Internet-Draft                    MSMC                     February 2012


   The choice of source may be either algorithmic (pre-configured) or
   manual (user controlled from one or more end-points).  Speech
   activity is a commonly used algorithmic measure to choose which
   participants' media streams to forward, but it is not the only
   conceivable measure.  Which and how many streams to select can either
   be based on some algorithm included in the RTP Mixer (for example the
   N most active speakers), or it can be controlled by the conference
   owner, or even by the receiving users individually.

   The figure below depicts the case where a receiving end-point
   explicitly selects streams through signaling (*) to the Mixer.  Both
   the media senders and their streams are numbered for clarity, and the
   conceptual signaling message is contained in {...}.

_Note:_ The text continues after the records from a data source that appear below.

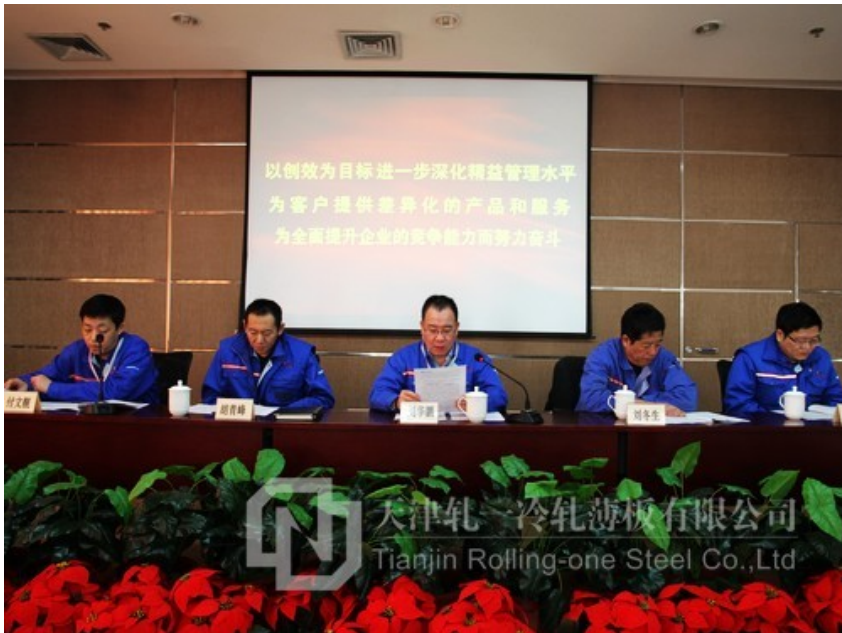
冷板公司首届七次职代会主席台
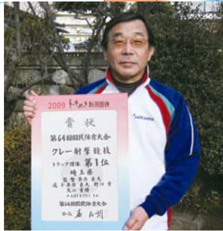
ご自宅で国体優勝の賞状とともに

20代で飛び込んだ射撃の世界 30年以上前まだ20代だった頃、知人に射撃場に連れて行ってもらった機会がありました。そこで、初めて見たクレイ射撃の世界に、一目で虜になりました。何かを見つけた感覚というか、「これをやるんだ！」という強い思いがあり、すぐに始める決意をしましたね。 射撃をするには免許が必要ですが、銃の性質上、取得要件は厳格です。申請には同居親族の同意が必要でね。両親は初め反対しましたが、最後は私の説得に負け、認めてくれました。 とにかく撃つことで先が見える
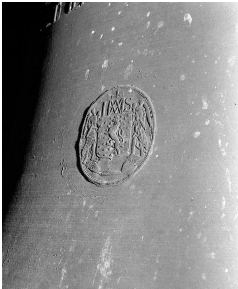
Détail : Armoiries de la ville de Seurre
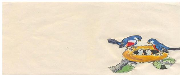
Fig. 3. Hoja de trabajo: Franelógrafo

Con plastilina los niños modelarán gusanos de diferentes tamaños para ofrecerlo como alimento a los pajaritos que acababan de nacer.
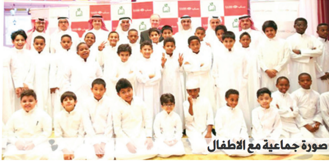
صورة جماعية مع الاطفال

                          +----+  +----+  +----+
                          | L1 |  | M2 |  | S3 |
                          +----+  +----+  +----+
                              '      :      |
                               1'   2:   3|
                                 v   v   v
                     +----+ 4  +-----------+  5 +----+
                     | M4 |...>|   Mixer   |<'''| L5 |
                     +----+    +-----------+    +----+
                                   ^   |1,3,4
                            {1,3,4}*   v
                                   +---+
                                   | H |
                                   +---+

                    Figure 9: Receiver Stream Selection

   To be able to make an informed choice on what streams to select, the
   user at the receiving end-point will need information about which
   conference participant correspond to which stream, and possibly also
   other meta-information about the streams and sending end-points.

3.2.7.  Media Composition

   When it is desirable that the RTP Mixer selects (Section 3.2.6) and
   forwards a larger number of simultaneous streams than what the
   receiving end-point can support, the Mixer has the option to make a
   composition of multiple streams onto fewer streams, possibly to only
   a single stream.  Which and how many streams to compose is typically
   based on the selection, as described in the previous section above.

   The composition operation is basically independent from selection.
   In general, Mixer composition requires transcoding.  A Mixer
   composition use case example is depicted below.  To simplify the



Westerlund & Burman      Expires August 6, 2012                [Page 12]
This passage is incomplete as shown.